2008–09 National Twenty20 Cup
- Dates: 4 – 8 October 2008
- Administrator: Pakistan Cricket Board
- Cricket format: Twenty20
- Tournament format(s): Round-robin and knockout
- Host: Lahore
- Champions: Sialkot Stallions (3rd title)
- Participants: 13
- Matches: 18

= 2008–09 National Twenty20 Cup =

Cricket tournament

The 2008–09 RBS Twenty-20 Cup was the fourth season of the RBS Twenty-20 Cup in Pakistan, sponsored by Royal Bank of Scotland. It was held in Lahore from 4 to 8 October 2008. The Sialkot Stallions won their third overall and consecutive title by defeating the Karachi Dolphins in the final. As the winners, the Stallions qualified for the 2008 Champions League Twenty20, which was later cancelled.

==Format==
The format remained the same from the previous edition. The 13 teams were divided into four groups: Pool A with four teams, Pool B, C and D with three each. Each group played a single round-robin tournament and the top team from each group advanced to the semi-finals.
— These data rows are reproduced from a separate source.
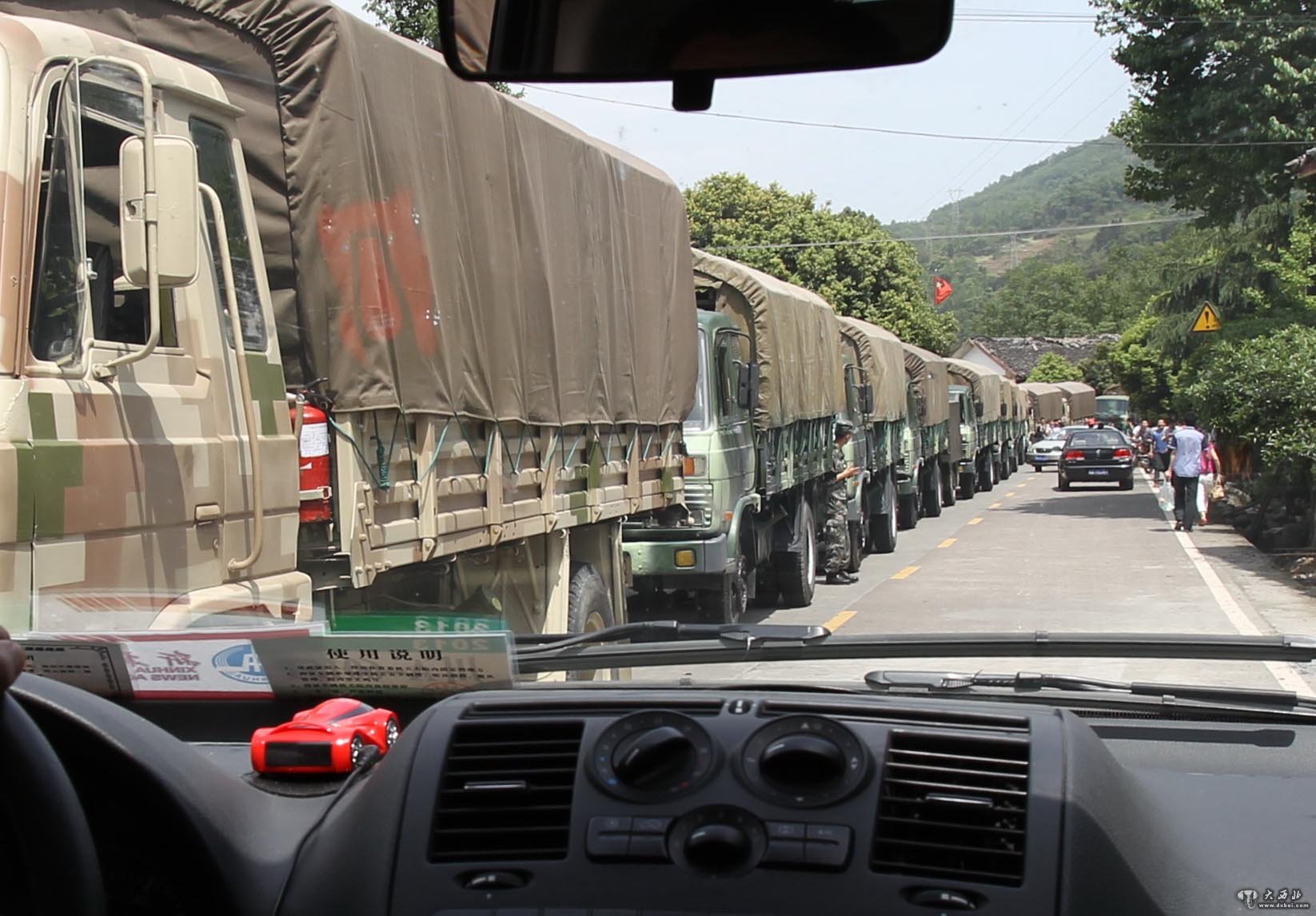 4月20日,离雅安市芦山县震源不足20多公里处的邛崃市高何镇靖口村,救援车辆在整装准备前往救援。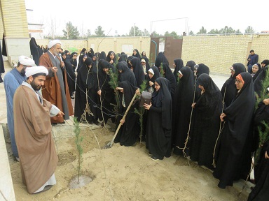 برگزاری مراسم غرس نهال در مدرسه علمیه خواهران ماهدشت توسط بانوان طلبه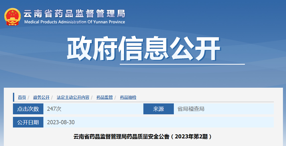 中國(guó)質(zhì)量新聞網(wǎng)訊 8月30日,云南省藥品監(jiān)督管理局網(wǎng)站發(fā)布藥品質(zhì)量安全公告(2023年第2期)。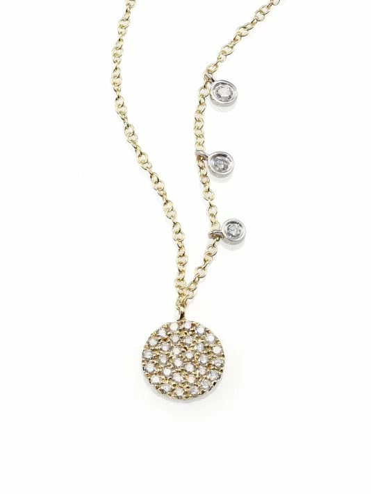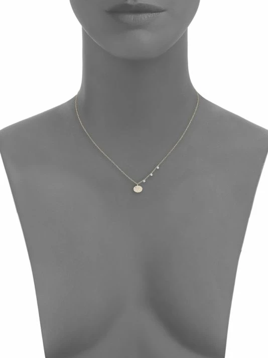 A pavΓ© diamond disc is joined by three delicate diamond charms on a graceful gold chain.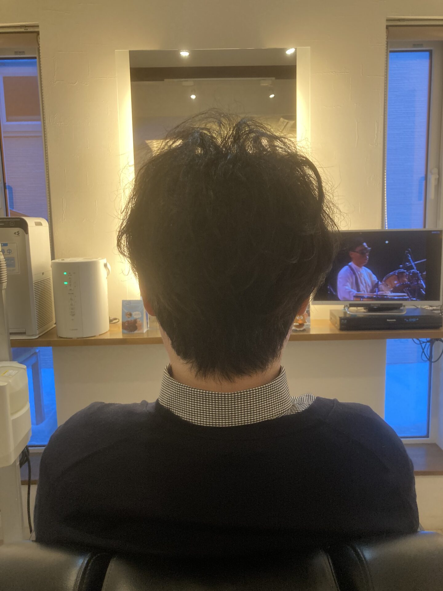 オーダー ⬜︎ カット………2ブロック サイド3㎜バリカン バック3㎜バリカンフェード サイド耳にかかるくらい フロント鼻半分の位置に設定 ⬜︎ パーマ………2回転…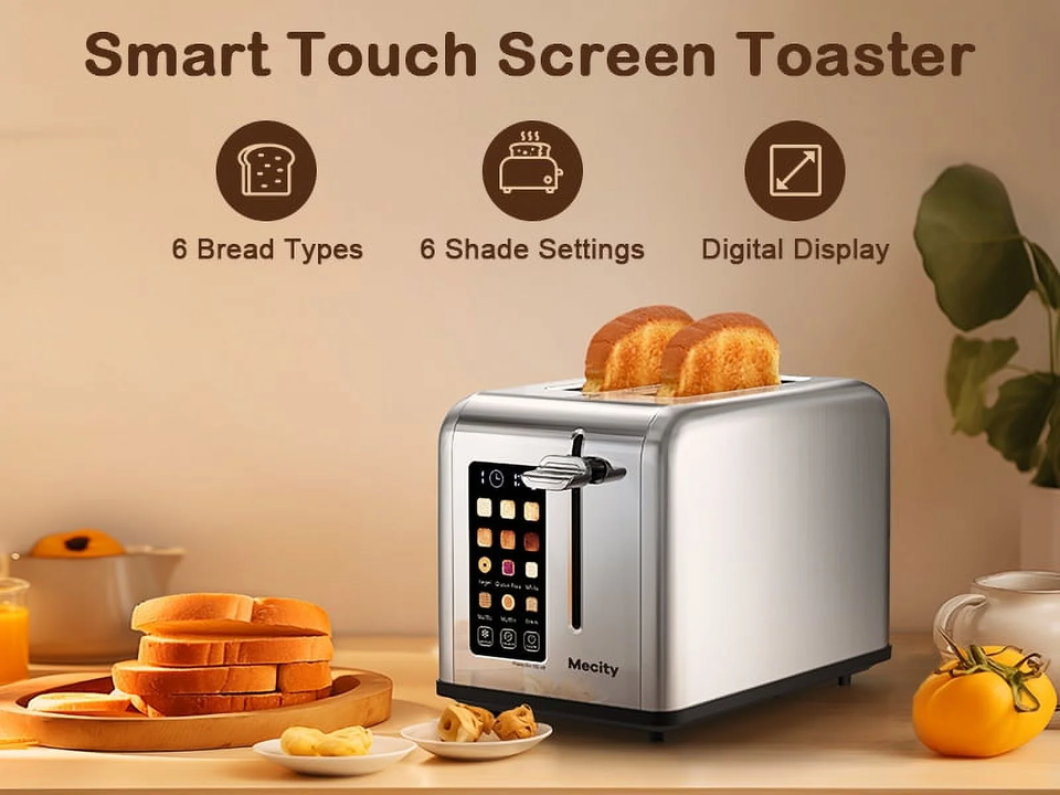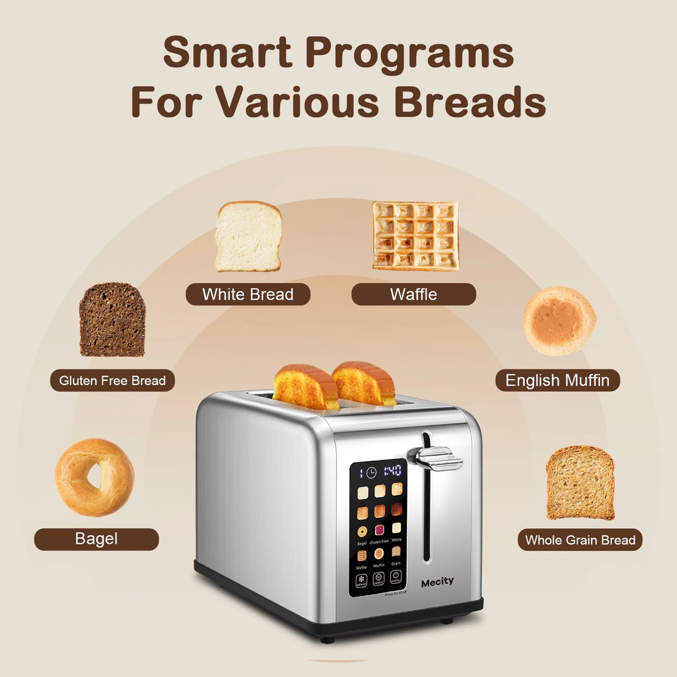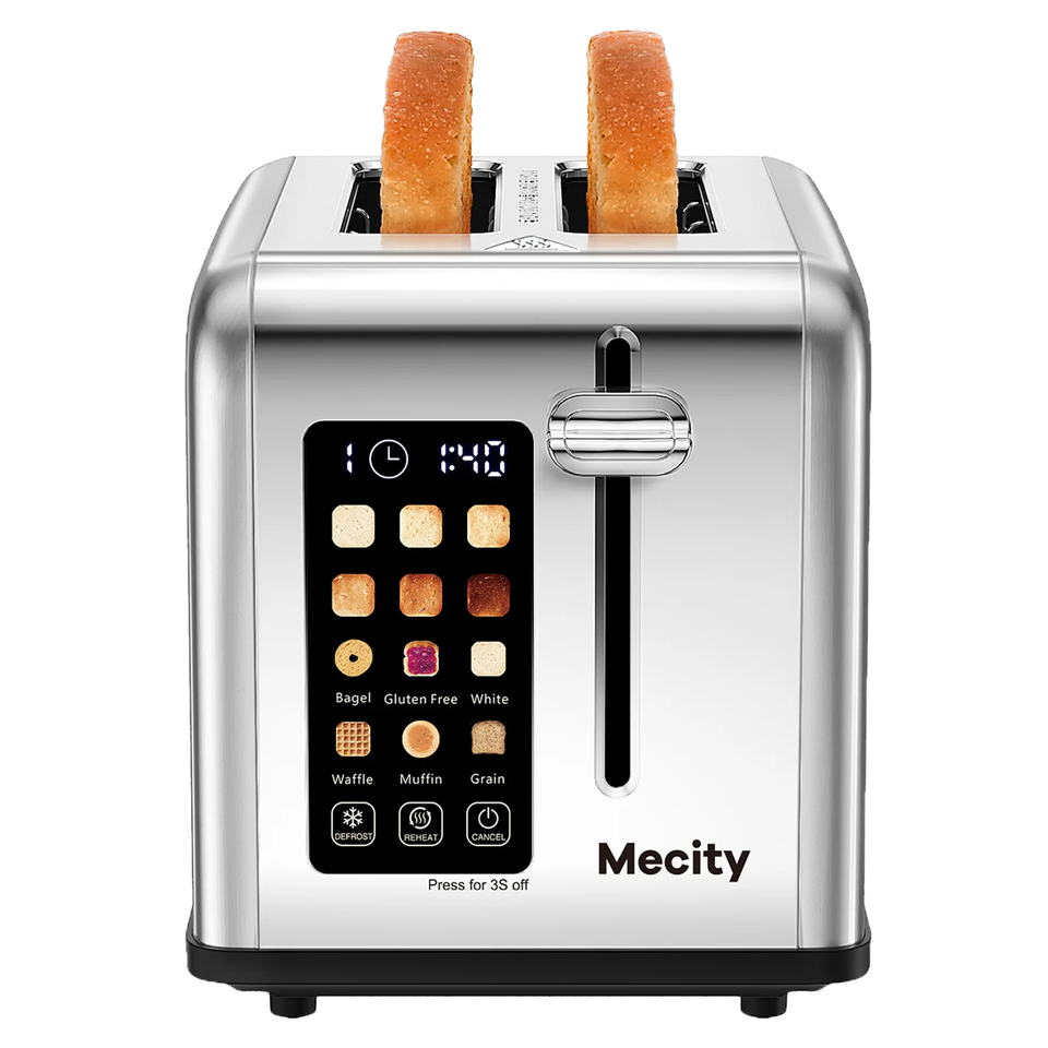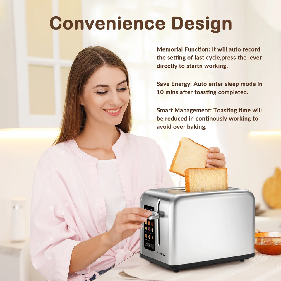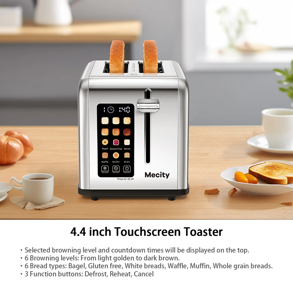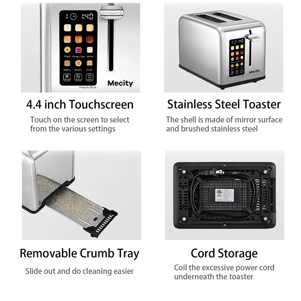Introducing the Mecity Touchscreen Toaster, a 2-slice stainless steel bread toaster that brings modern sophistication to your kitchen. This smart toaster features a large 4.4-inch touchscreen, allowing you to select from 6 browning levels and various bread types with a single click. It ensures even toasting after thousands of tests and adjustments to its structure and heating wires. The toaster's shell is crafted from a combination of mirror surface and brushed stainless steel, offering a shiny appearance and a durable service life. Cleaning is a breeze with its non-stick, food-grade stainless steel toasting slots and a removable crumb tray. Enjoy perfectly crunchy breads with the Mecity Touchscreen Toaster.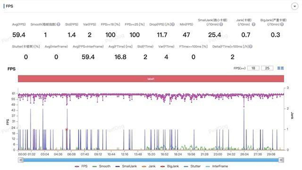 接下來便是大家熟悉的《原神》重負載測試,在性能模式下將《原神》畫質(zhì)選項設(shè)置為極高畫質(zhì)+60幀,測試場景為跑圖的測試中:小米13 Ultra的實測平均幀率為59.4幀,幀率曲線有一定波動,沒有出現(xiàn)大幅度降幀現(xiàn)象。

The winners of the semi-finals played the final.

Awarded points
| Result | Points |
|---|---|
| Won | 2 points |
| No result | 1 point |
| Loss | 0 points |

The position of the teams in the points table is determined by:
- Total points
- Won
- Lost (fewest)
- Net run rate

===Prize money===
The prize money was increased from the previous edition.

- Winners: Rs. 2,500,000
- Runners-up: Rs. 1,000,000

==Results==

===Teams and standings===
The top team from each group qualify for the semi-finals.

Pool A
| Team | Pld | W | L | NR | Pts | NRR |
|---|---|---|---|---|---|---|
| Karachi Dolphins | 3 | 3 | 0 | 0 | 6 | +1.052 |
| Faisalabad Wolves | 3 | 2 | 1 | 0 | 4 | +0.454 |
| Lahore Eagles | 3 | 1 | 2 | 0 | 2 | +0.153 |
| Abbottabad Rhinos | 3 | 0 | 3 | 0 | 0 | –1.607 |

Pool B
| Team | Pld | W | L | NR | Pts | NRR |
|---|---|---|---|---|---|---|
| Sialkot Stallions | 2 | 2 | 0 | 0 | 4 | +1.047 |
| Hyderabad Hawks | 2 | 1 | 1 | 0 | 2 | +0.524 |
| Karachi Zebras | 2 | 0 | 2 | 0 | 0 | –1.550 |

Pool C
| Team | Pld | W | L | NR | Pts | NRR |
|---|---|---|---|---|---|---|
| Islamabad Leopards | 2 | 1 | 1 | 0 | 2 | +0.216 |
| Multan Tigers | 2 | 1 | 1 | 0 | 2 | +0.089 |
| Peshawar Panthers | 2 | 1 | 1 | 0 | 2 | –0.245 |

Pool D
| Team | Pld | W | L | NR | Pts | NRR |
|---|---|---|---|---|---|---|
| Lahore Lions | 2 | 2 | 0 | 0 | 4 | +0.575 |
| Rawalpindi Rams | 2 | 1 | 1 | 0 | 2 | +1.350 |
| Quetta Bears | 2 | 0 | 2 | 0 | 0 | –1.925 |

 Qualified for semi-finals

==Fixtures==

===Group stage===
- Group A

----

----

----

----

----

- Group B

----

----

- Group C

----

----

- Group D

----

----

===Knockout stage===
- Semi-finals

----

- Final

==Media coverage==
- Geo Super (live)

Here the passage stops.